==== Data for this exercise ====
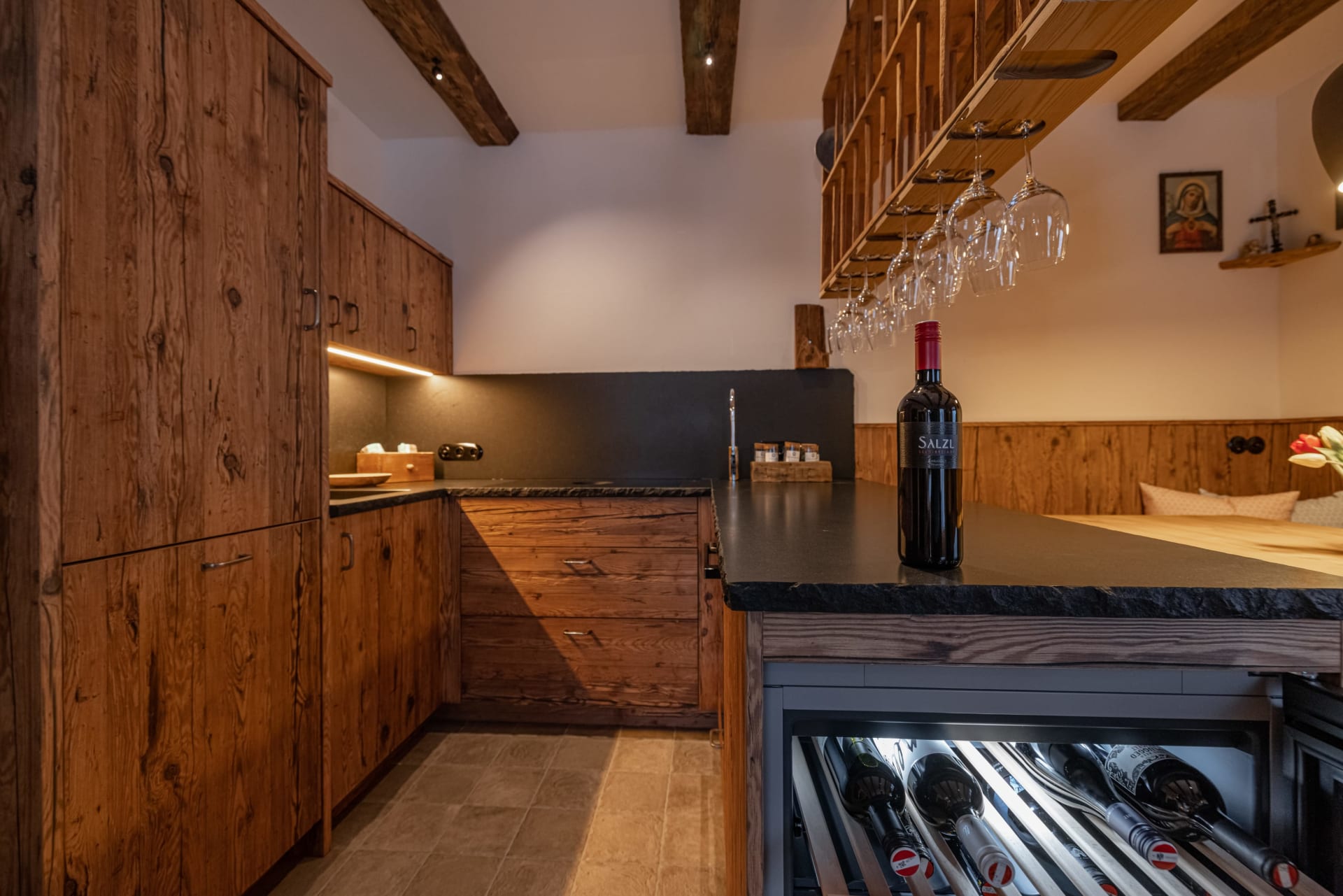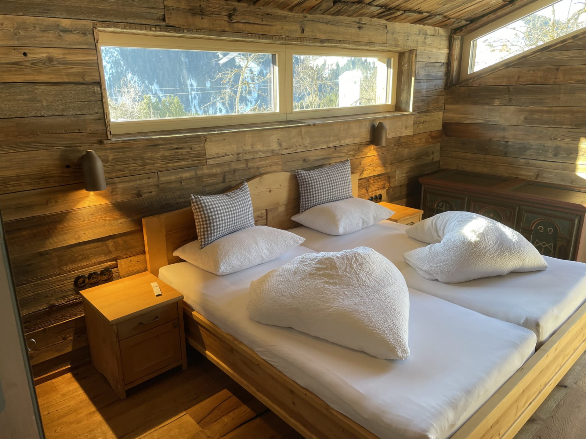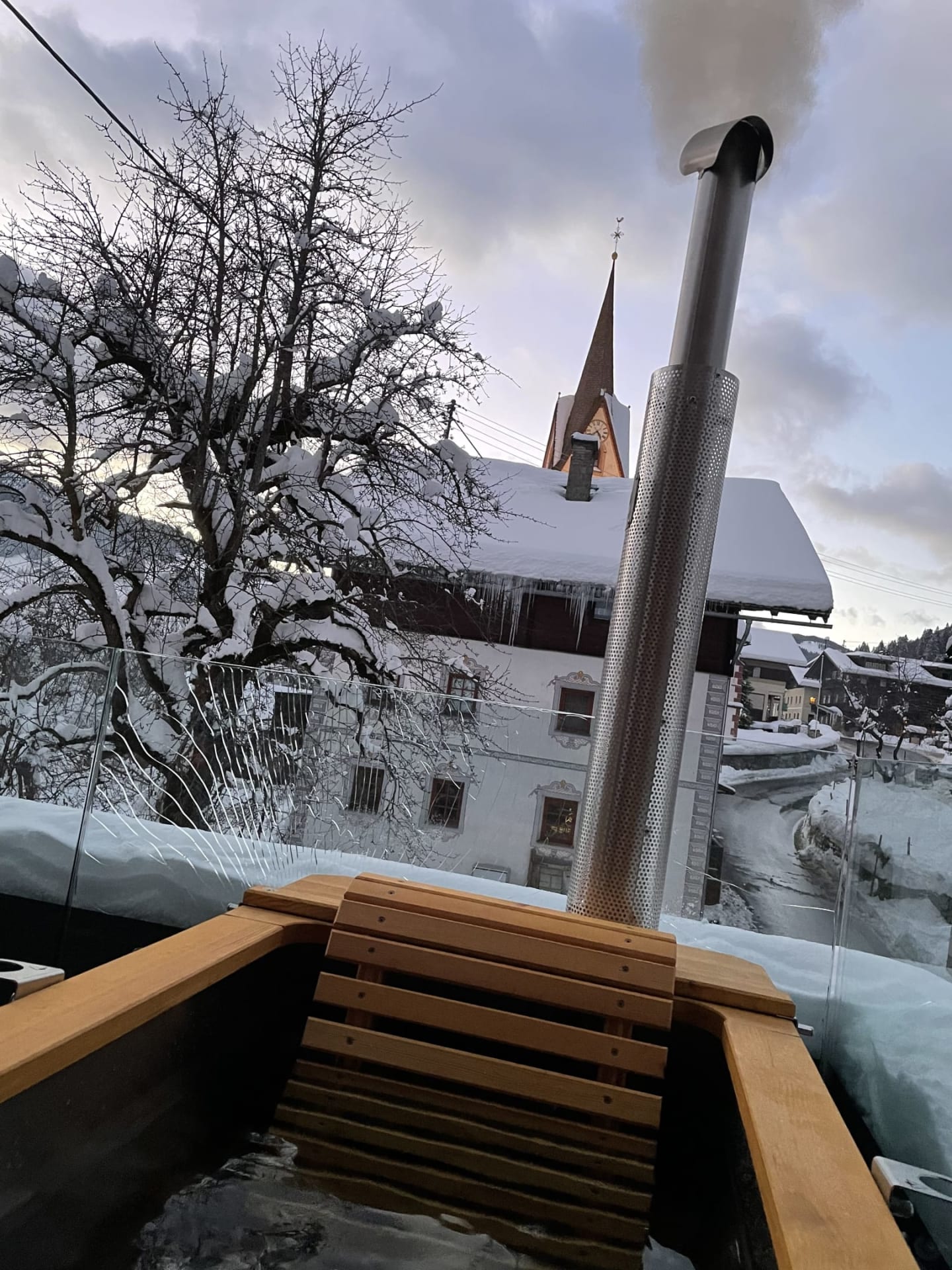 Ihre private Auszeit beginnt hier: Ein ganz persönlicher SPA-Bereich mit Außensauna (finnisch, bio & Infrarot), die einzigartige Feuer-Wasser-Wanne unter freiem Himmel, ein Ofenfeuer, das wohlige Wärme spendet, sowie ein stilvolles Badezimmer mit echten Alpensteinen laden zum Entspannen ein. Drei gemütliche Schlafzimmer, eine großzügige Wohnküche und zwei Dachterrassen schaffen den idealen Rahmen für wertvolle Zeit mit Familie oder Freunden.
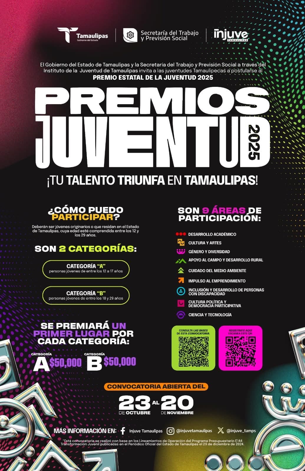 El Gobierno de Beto Granados, comprometido con el impulso y desarrollo de las nuevas generaciones, invita a las y los jóvenes de Matamoros a participar en el Premio Estatal de la Juventud 2025, una convocatoria que reconoce el talento, la creatividad y el esfuerzo de quienes destacan en distintos ámbitos y contribuyen al crecimiento de Tamaulipas.
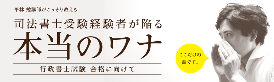 司法書士試験にも行政書士試験にも造詣の深い平林勉講師が、司法書士試験受験経験者が行政書士試験の合格に臨むにあたり、「なぜか?世間には出てこない本当に注意すべきこと」について、お伝えするコーナーです。
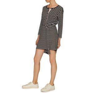 A nautical-striped T-shirt dress is updated in a belted style with twill tape trimming the henley placket.
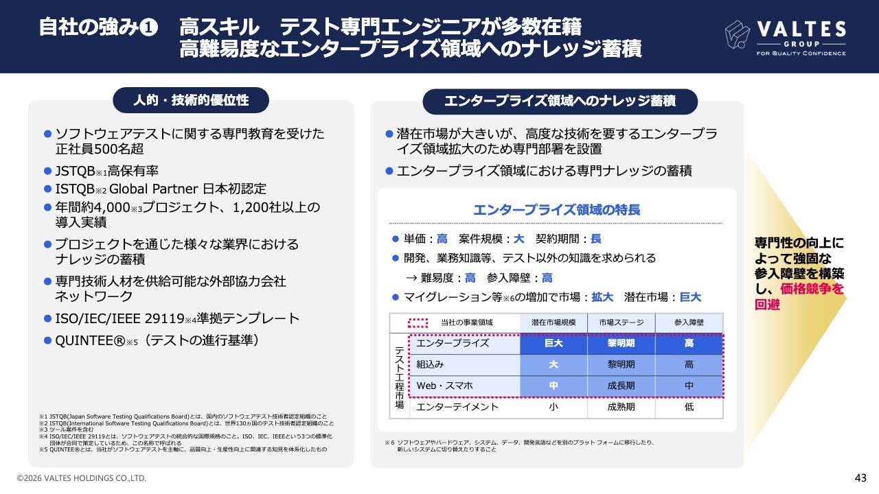 1つ目の強みは、高スキルテスト専門エンジニアが多数在籍し高難易度なエンタープライズ領域のナレッジを蓄積している点です。
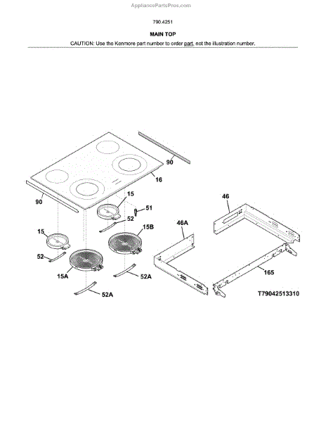 Parts for Kenmore 790.42512314 (79042512314, 790 42512314): Main Top Parts
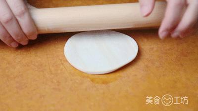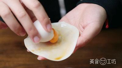 6. 用包子的方法把蛋黄包进饺子皮里。
====
**Exercise requirements**:
Starting at the line above that holds "El Gobierno de", return each line up to and including the one that holds "司法書士試験にも行政書士試験", exactly as written, minus any pictures.

**Your response**:
 El Gobierno de Beto Granados, comprometido con el impulso y desarrollo de las nuevas generaciones, invita a las y los jóvenes de Matamoros a participar en el Premio Estatal de la Juventud 2025, una convocatoria que reconoce el talento, la creatividad y el esfuerzo de quienes destacan en distintos ámbitos y contribuyen al crecimiento de Tamaulipas.
 司法書士試験にも行政書士試験にも造詣の深い平林勉講師が、司法書士試験受験経験者が行政書士試験の合格に臨むにあたり、「なぜか?世間には出てこない本当に注意すべきこと」について、お伝えするコーナーです。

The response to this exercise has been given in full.